We know passwords aren't great and that people choose crappy short ones that are easily remembered given half the chance. The solution to which seems to be to ask for a least one number, one upper case char, one symbol and a minimum of 8 chars...
However, you don't want to use the same password everywhere as the majority of sites aren't trustworthy* so it's foolish to use the same password on all of them. The result is an ever mounting litter of passwords that you can't remember and either end up writing them down (which likely violates terms of service and makes you liable in the event of abuse) or rely on "forgotten password mechanisms" to log in as and when needed (the main frustration here being turnaround-time and the need to come up with a new bloody password each time).
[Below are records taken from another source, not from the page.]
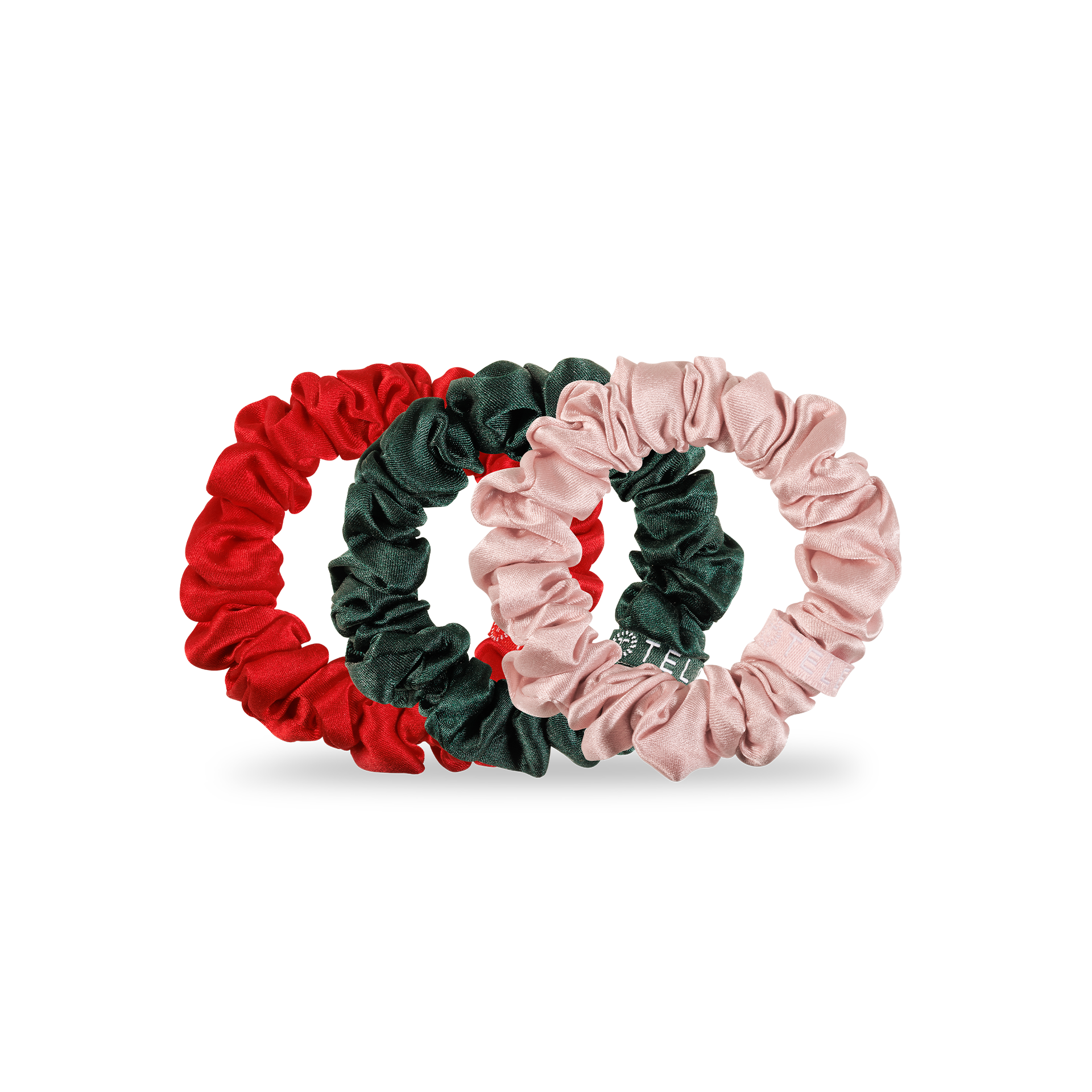Celebrate Christmas with the perfect holiday accessory! TELETIES Scrunchies, made from 100% natural silk, offer a luxurious and gentle hold without causing damage or breakage. Chic, durable, and practical, these scrunchies add a stylish touch to your look while keeping your hair in place. The ultimate stocking stuffer and accessory for both your hair and festive style!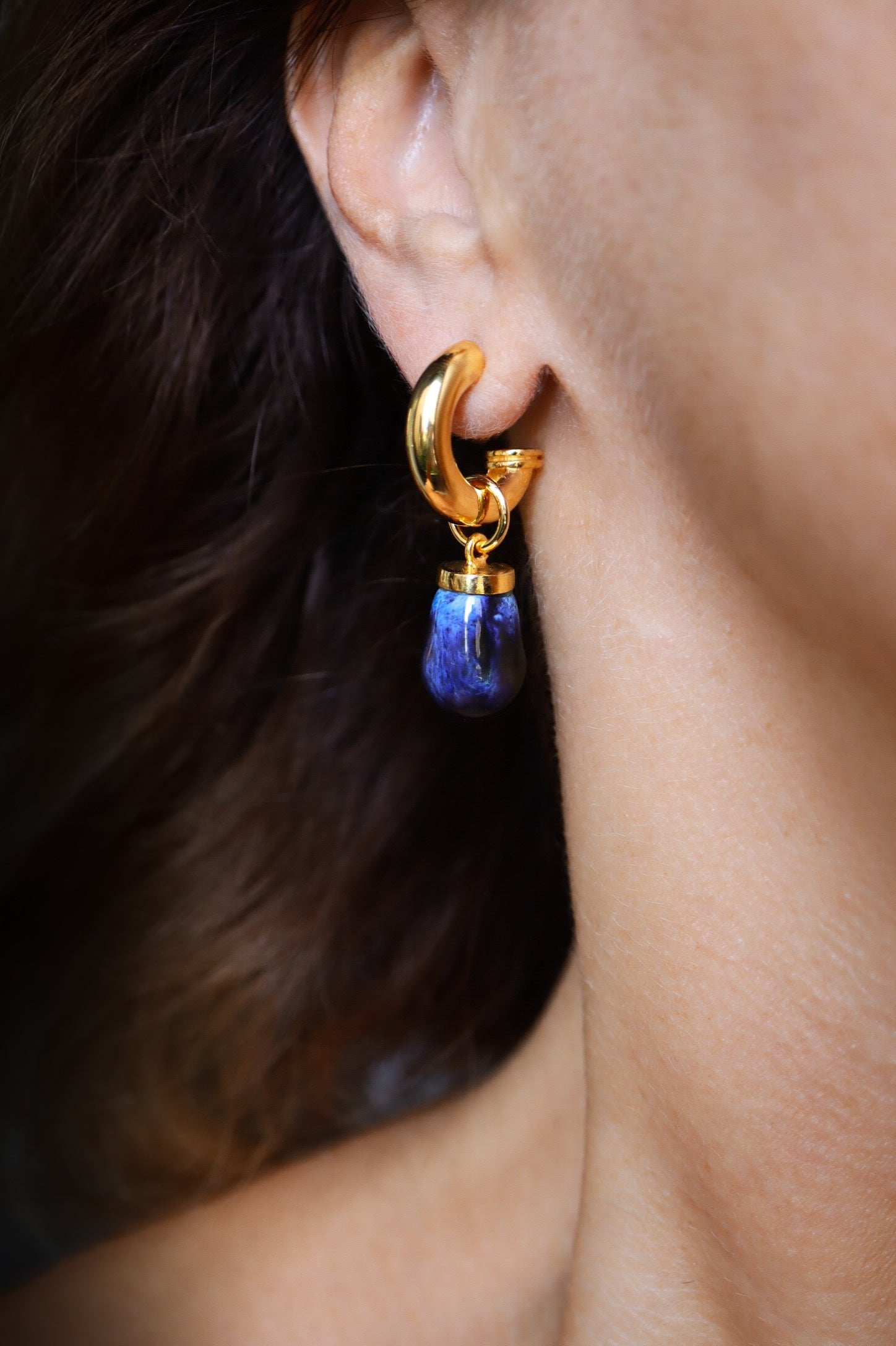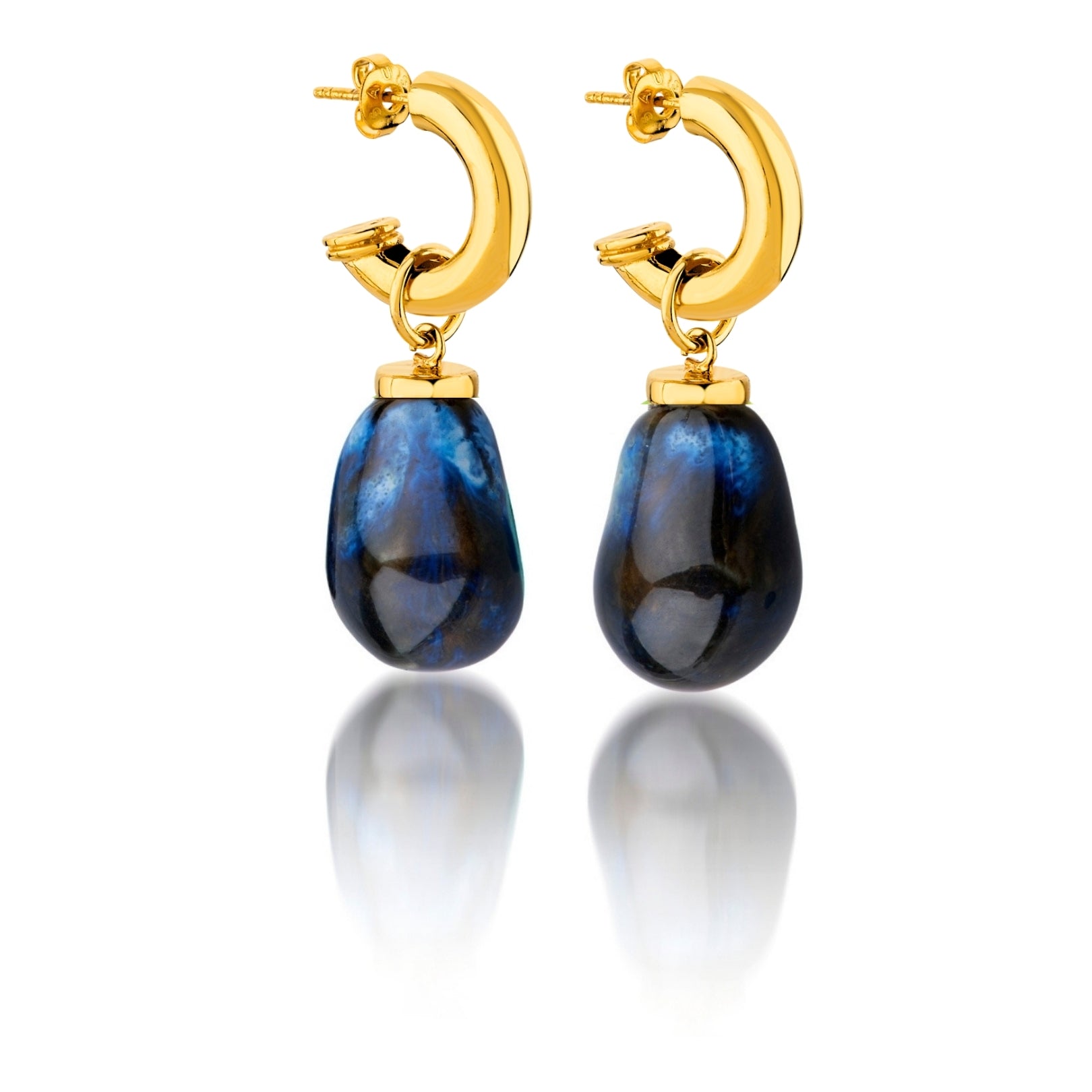 22 K gold plated bold hoop earrings with hand sculptured porcelain drops.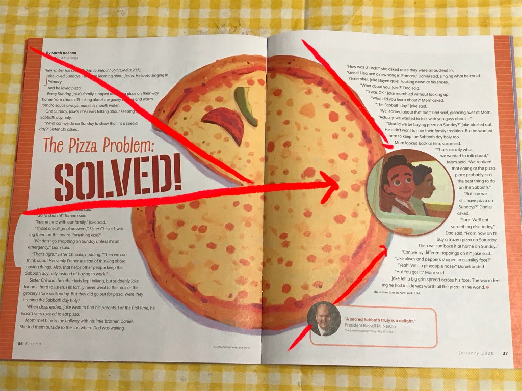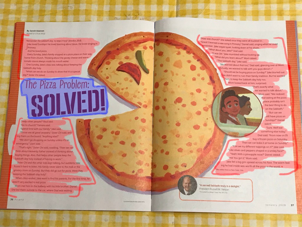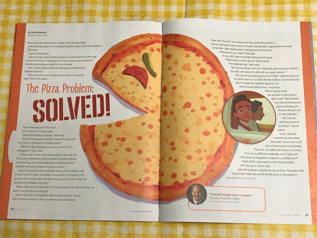 The issue is January 2020, that can be found on LDS.org, the article is written by Sarah Keenan. The page is found and published by The Church of Jesus Christ of Latter Day Saints, and is made to uplift and teach individuals the Gospel of Jesus Christ. The magazine that this is in is aimed towards children and in this particular article it talks about a nice lesson relating to pizza, with a giant pie found in the middle of the page!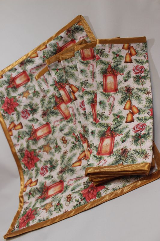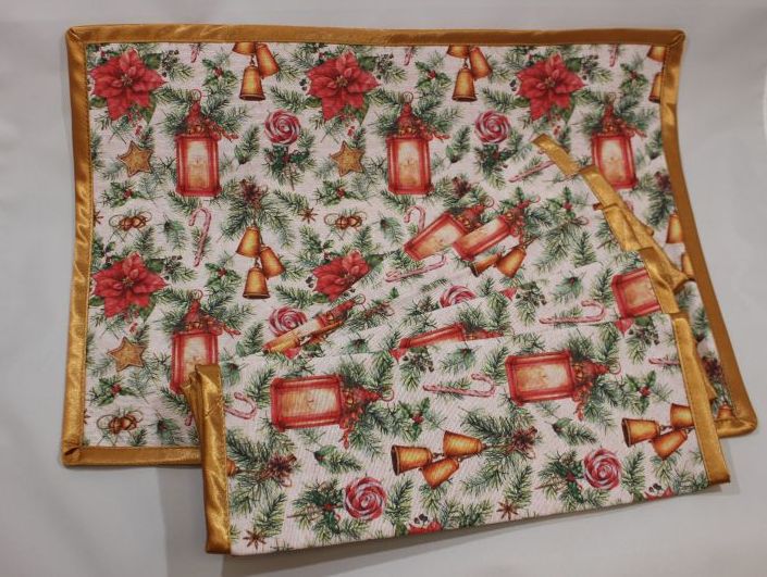A tányéralátétet ferdepánttal szegtük a még esztétikusabb megjelenés érdekében. Hátulja egyszínű piros színt kapott, így használható mindkét oldala is.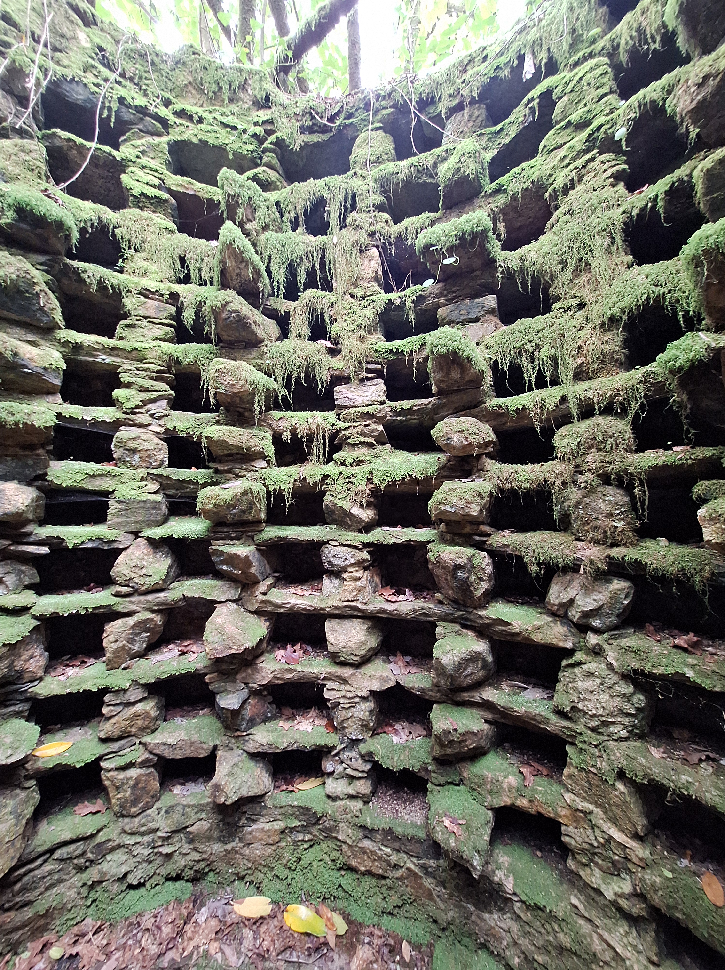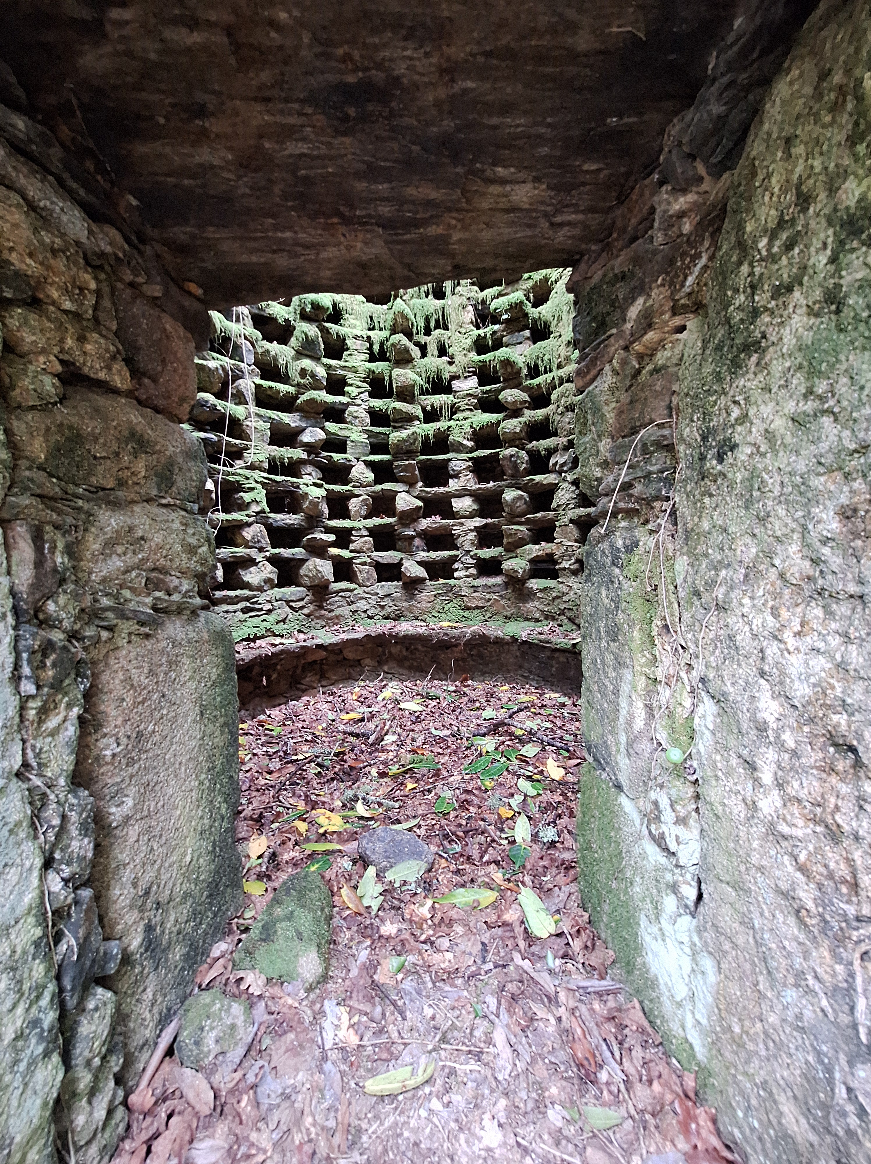 While there are several near identical cupboards in the walls, this one is just ever so slightly different. There small opening in the stone panel that forms the outer wall. On the outside, there is a flat stone just below the hole that is likely a little bee landing pad where they could stop before entering their private door.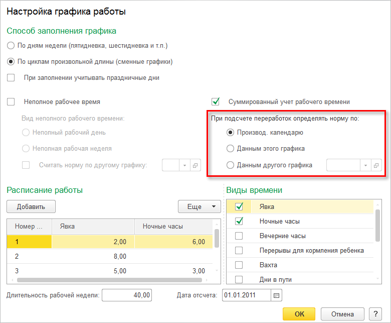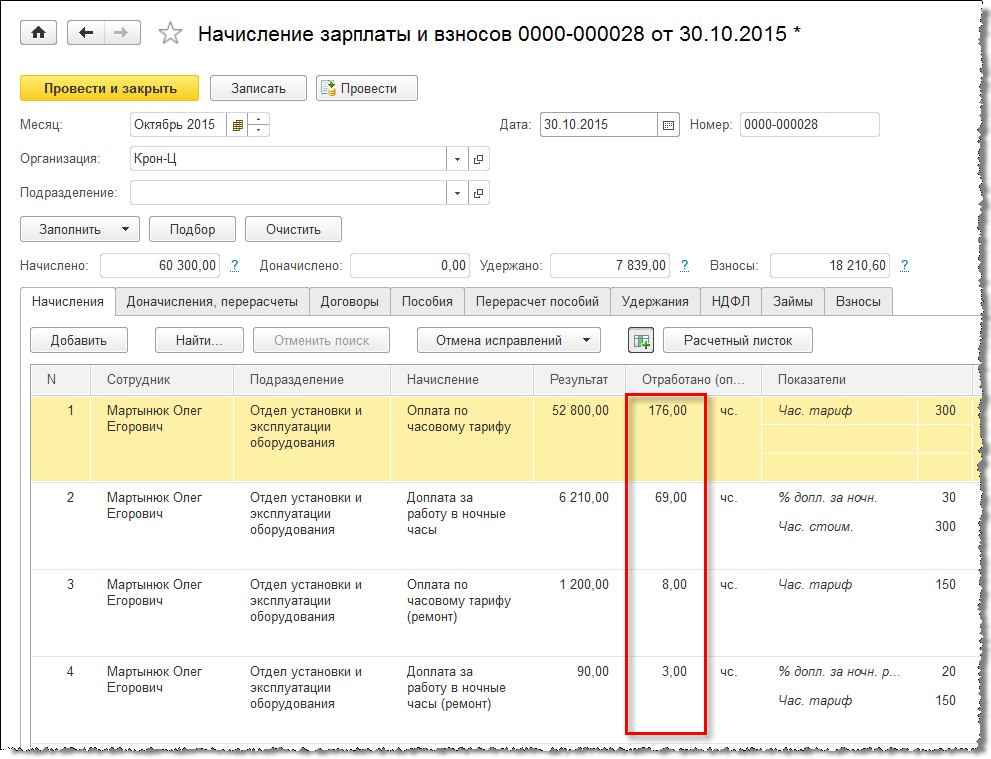 При этом если для расчета начисления требовалось учитывать несколько видов времени, то была возможность учитывать только все их сразу с помощью показателя ОтработаноЧасовВПределахНормыВремени. Например, для расчета оплаты по часовому тарифу требуется учитывать не только часы явки (работу в дневное время), но и ночные часы.

Yet using 3 or more words as a passphrase is more secure than a short forgettable password and would make a website a damn sight easier to use - you still can't use the same password everywhere though. It's about time we started making minimumpasswordlength 16 characters and dismiss the crypto garbage rules that don't help anyone.
Facebook, Google and the like would have you use their Open ID Connect services - this way they effectively own your online identity - and, if you do use them, the multi-factor authentication (MTA) options are well worth adopting. Personally I don't want these guys to be in charge of my online identity though (and most organisations won't be either) so whilst it's ok to provide the option you can't force it on people.
We need to continue to support passwords but we need to stop with these daft counterproductive restrictions.
* Ok, none of them are but some I trust more than others. I certainly won't trust some hokey website just because the developers provide the illusion of security by making my life more complicated than is necessary.